As we empathized with those who escaped or witnessed death and relived the traumatic experience of those who lost their lives, we knew of a grave, irreparable wrong done to individuals, killed, wounded, or traumatized by the sudden loss of family and friends. These individuals were not just subjected to physical hurt or mental trauma, they were recipients and carriers of a message embodied in that heinous act: from now on they must live with a dreadful sense of their own vulnerability. This message was transmitted first to other individuals in New York and Washington, then quickly to citizens throughout the democratic world. The catastrophe on the U.S. east coast has deepened the sense of insecurity of every individual on this planet.

However, this was not the entire text of messages sent by the perpetrators. The rest is revealed when we focus on our collective identities or rather on the collective dimensions of the tragedy that unfolded on that terrible, terrible Tuesday. Unlike the first, which allows a plain and simple good to be distinguished from unambiguous evil, these messages were disturbingly ambivalent, morally fuzzy, and less likely to sift good from evil, more likely to divide rather than unite people across the world. One such message which the poor, the powerless, and the culturally marginalized would always like to have communicated to the rich, powerful, and the culturally dominant, although not in this beastly manner, is this: we have grasped that any injustice done to us is erased before it is seen or spoken about, that in the current international social order, we count for very little; our ways of life are hopelessly marginalized, our lives utterly valueless. Even middle-class Indians with cosmopolitan aspirations became painfully aware of this when a country-wise list of missing or dead persons was flashed on an international news channel: hundreds of Britons, scores of Japanese, some Germans, three Australians, two Italians, one Swede. A few buttons away, a South Asian channel listed names of several hundred missing or dead Indians, while another flashed the names of thousands with messages of their safety to relatives back home.
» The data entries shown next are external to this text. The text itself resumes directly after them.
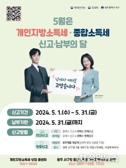 정안뉴스 박상욱 기자 | 광주광역시 서구는 소득세 확정신고에 대비해 종합소득세와 개인지방소득세를 함께 신고할 수 있는 ‘종합소득세·개인지방소득세 신고창구’를 운영한다.
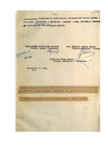 Донесение командующего войсками Карельского фронта от 5 августа 1944 г. № 0092/44/оп Верховному Главнокомандующему об итогах боевых действий с 1 по 10 августа 1944 года
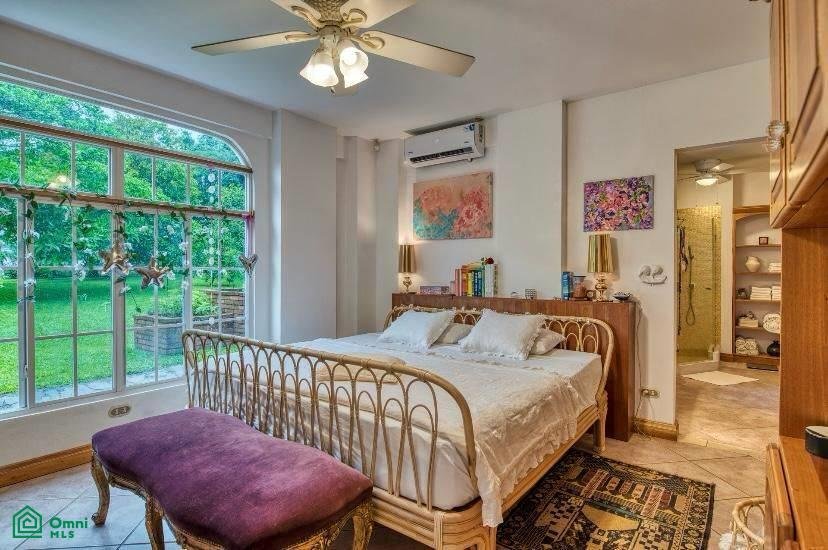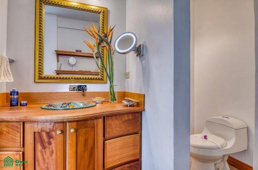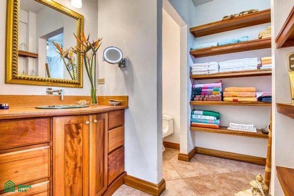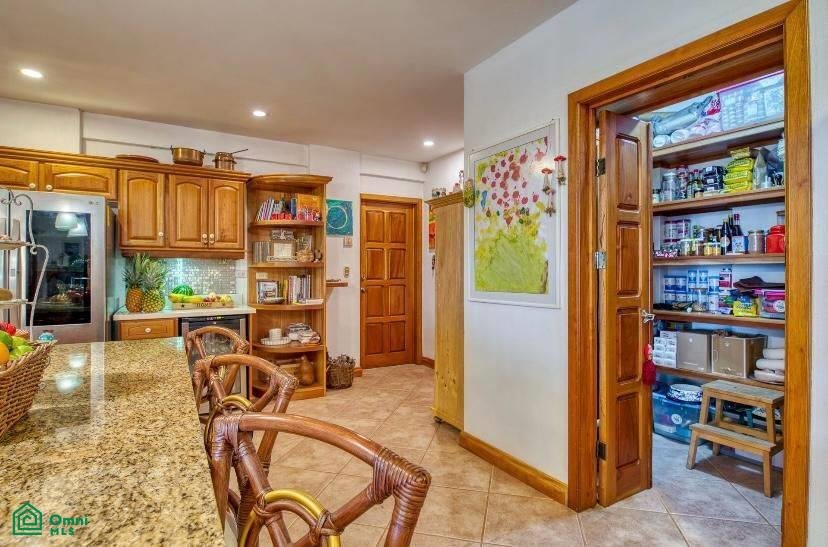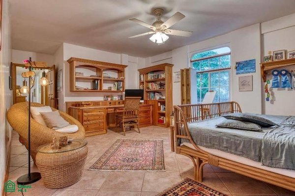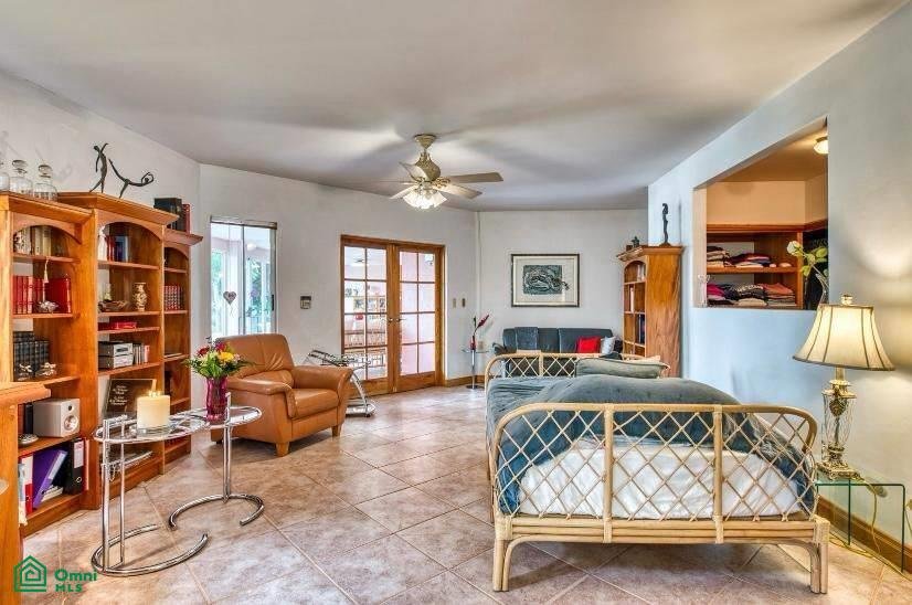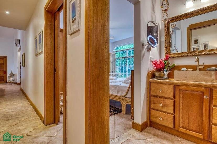 There are two oversize guest bedrooms, one with a walk-in closet and a custom-built desk. The other bedroom features beautiful tropical wood built-in closets.
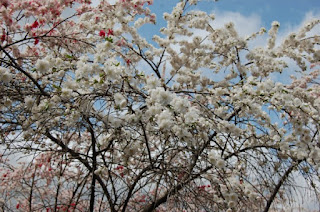 近くのお家の花桃が満開となった。木一杯に白い花を付けている。
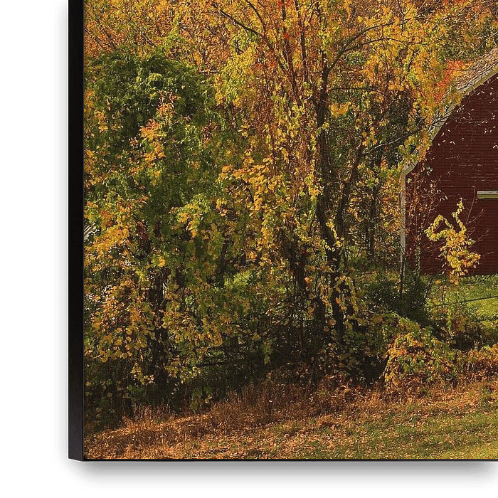 Eine typisch amerikanische Scheune, versteckt in den Herbstfarben von Vermont an der Ostküste der Vereinigten Staaten, auch bekannt als Neuengland.
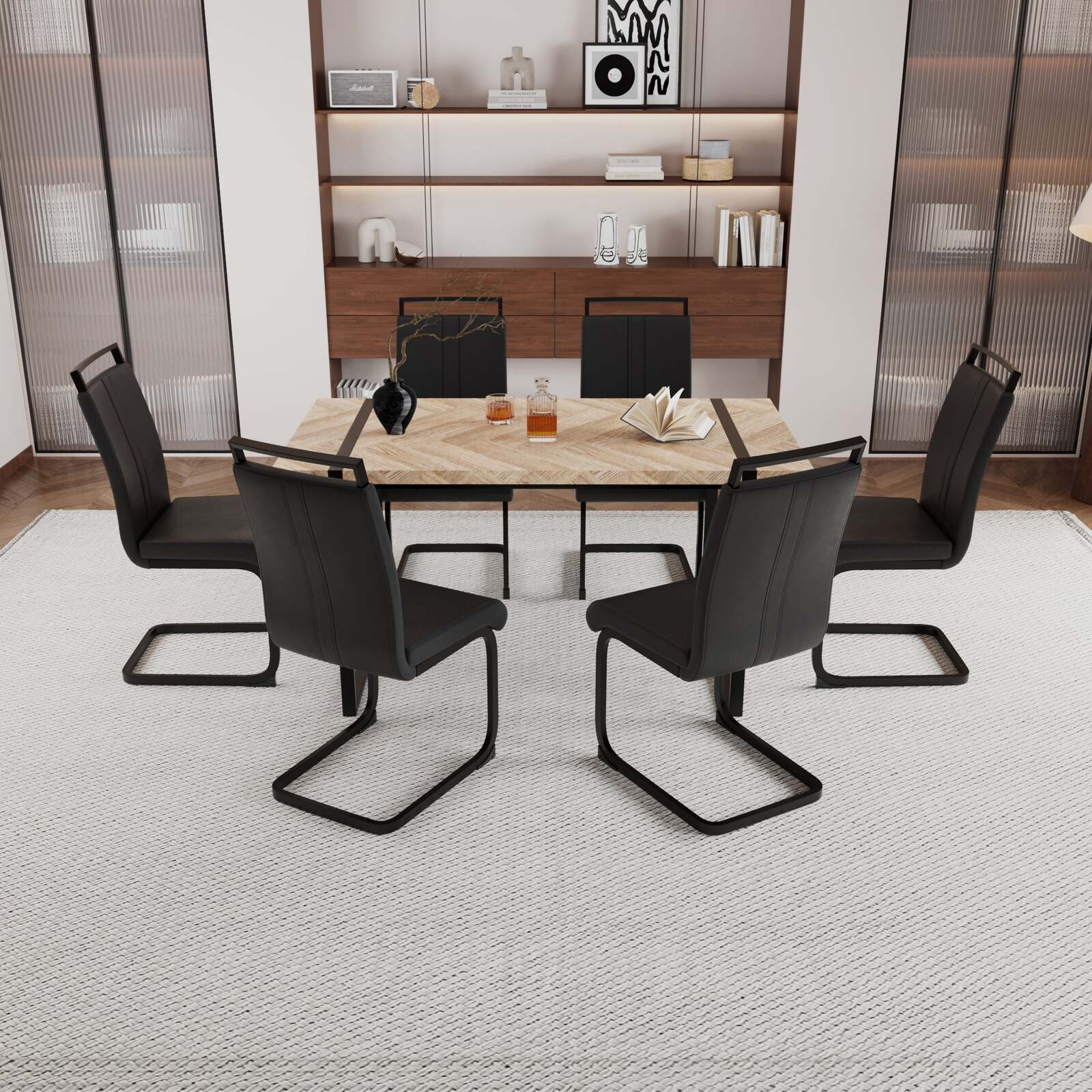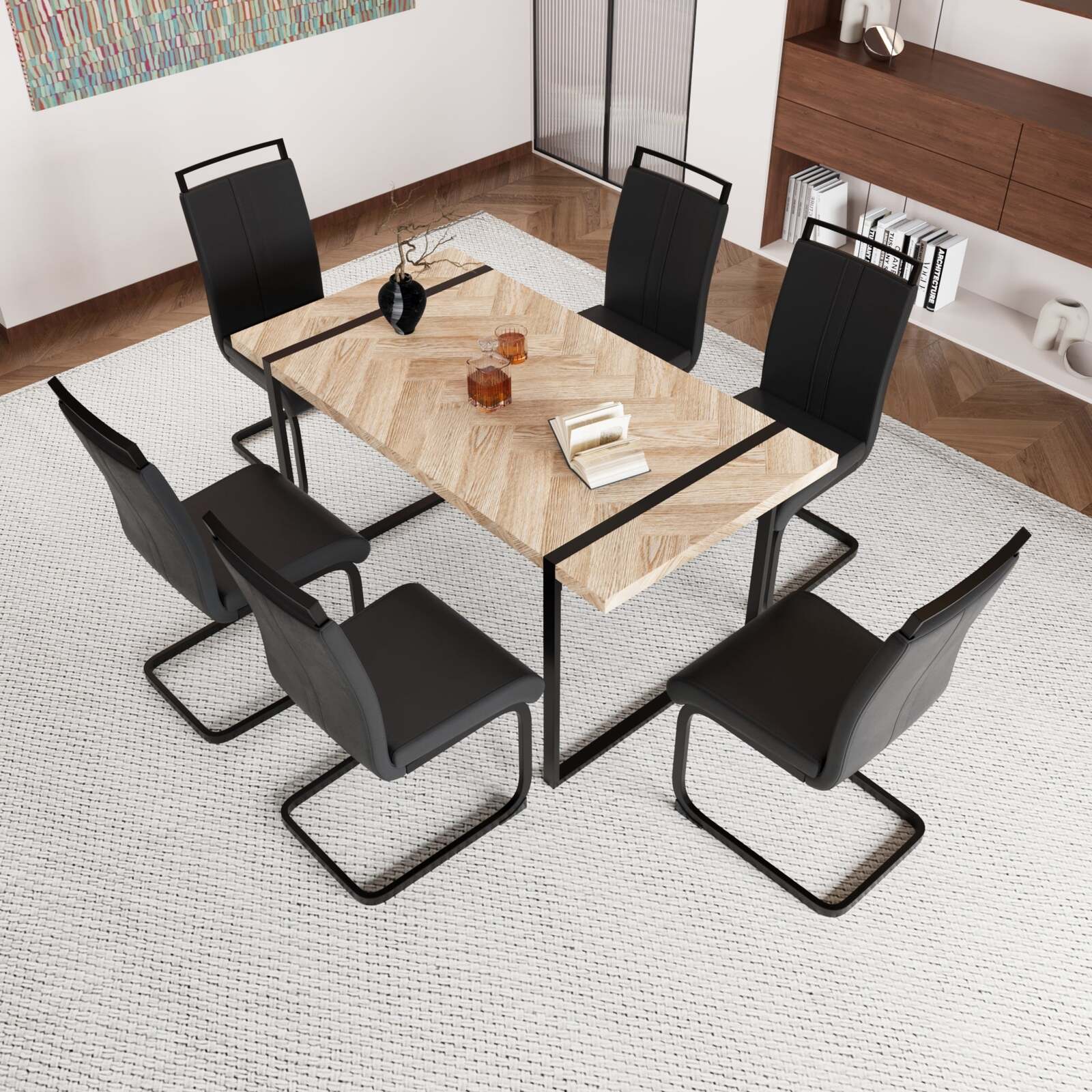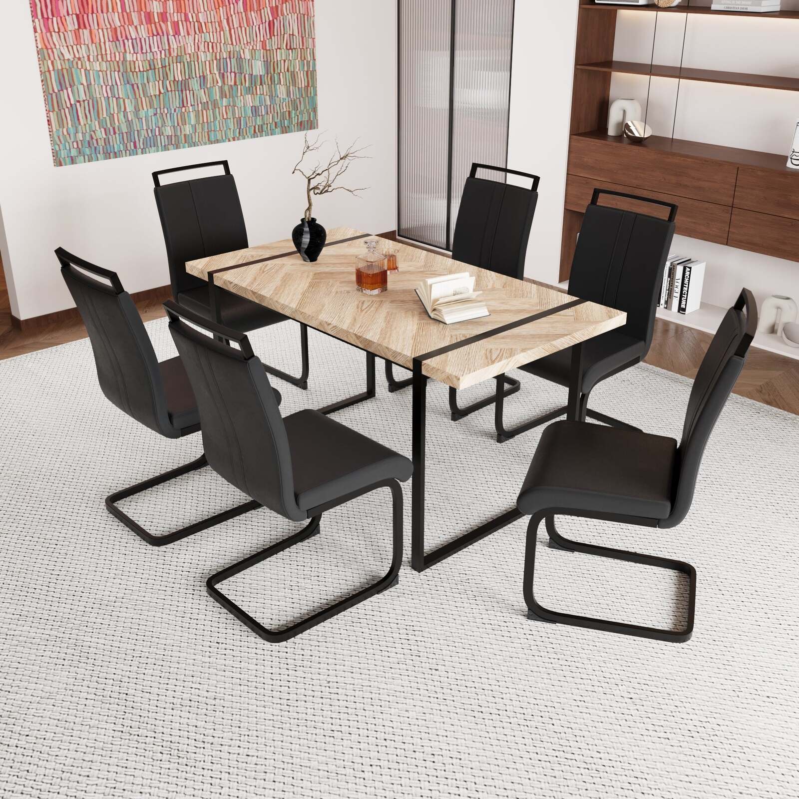 Rural Industrial 59" Rectangular MDF Light Wood Dining Table & 6 PU Chairs
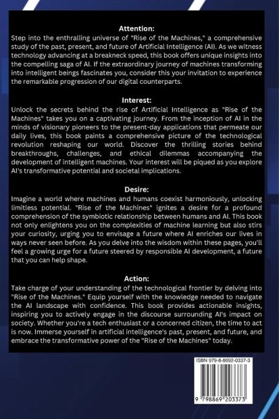 Attention: Step into the enthralling universe of "Rise of the Machines"; a comprehensive study of the past, present, and future of Artificial Intelligence (AI). As we witness technology advancing at a breakneck speed, this book offers unique insights into the compelling saga of Al. If the extraordinary journey of machines transforming into intelligent beings fascinates you, consider this your invitation to experience the remarkable progression of our digital counterparts. Interest: Unlock the secrets behind the rise of Artificial Intelligence as "Rise of the Machines" takes you on a captivating journey. From the inception of Al in the minds of visionary pioneers to the present-day applications that permeate our daily lives, this book paints a comprehensive picture of the technological revolution reshaping our world. Discover the thrilling stories behind breakthroughs, challenges, and ethical dilemmas accompanying the development of intelligent machines. Your interest will be piqued as you explore Al's transformative potential and societal implications. Desire: Imagine a world where machines and humans coexist harmoniously, unlocking limitless potential. "Rise of the Machines" ignites a desire for a profound comprehension of the symbiotic relationship between humans and Al. This book not only enlightens you on the complexities of machine learning but also stirs your curiosity, urging you to envisage a future where Al enriches our lives in ways never seen before. As you delve into the wisdom within these pages, you'll feel a growing urge for a future steered by responsible Al development, a future that you can help shape. Action: Take charge of your understanding of the technological frontier by delving into "Rise of the Machines". Equip yourself with the knowledge needed to navigate the Al landscape with confidence. This book provides actionable insights, inspiring you to actively engage in the discourse surrounding Al's impact on society. Whether you're a tech enthusiast or a concerned citizen, the time to act is now. Immerse yourself in artificial intelligence's past, present, and future, and embrace the transformative power of the "Rise of the Machines" today.
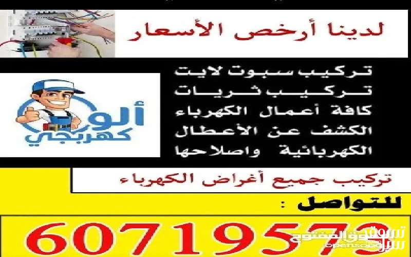 الوصف فني كهرباء خدمة منازل تركيب وصيانة جميع الأعمال الكهربائي تصليح الأعطال الكهربائية ت/ إضغط ليظهر الرقم.. 607195XX

Hard as it was to acknowledge in the immediate aftermath of September 11, it must be admitted that the attacks on New York and Washington were also meant to lower the collective self-esteem of Americans, to rupture their pride. Not all intentional wrongdoing is physically injurious to the victim but every intentionally generated physical suffering is invariably accompanied by intangible wounds. The attack on September 11 did not merely demolish concrete buildings and individual people. It tried to destroy the American measure of its own self-worth, to diminish the self-esteem of Americans. Quite separate from the immorality of physical suffering caused, isn’t this attempt itself morally condemnable? Yes, if the act further lowered the self-worth of a people already devoid of it. But this is hardly relevant in the case of America, where sections of the ruling elite ensure that its collective self-worth borders on supreme arrogance, always over the top. Does not the Pentagon symbolize this false collective pride? Amidst this carnage, then, is the sobering thought that occurs more naturally to poor people of powerless countries that occasionally even the mighty can be humbled. In such societies, the genuine anguish of people at disasters faced by the rich is mixed up with an unspeakable emotion which, on such apocalyptic occasions, people experience only in private or talk about only in whispers.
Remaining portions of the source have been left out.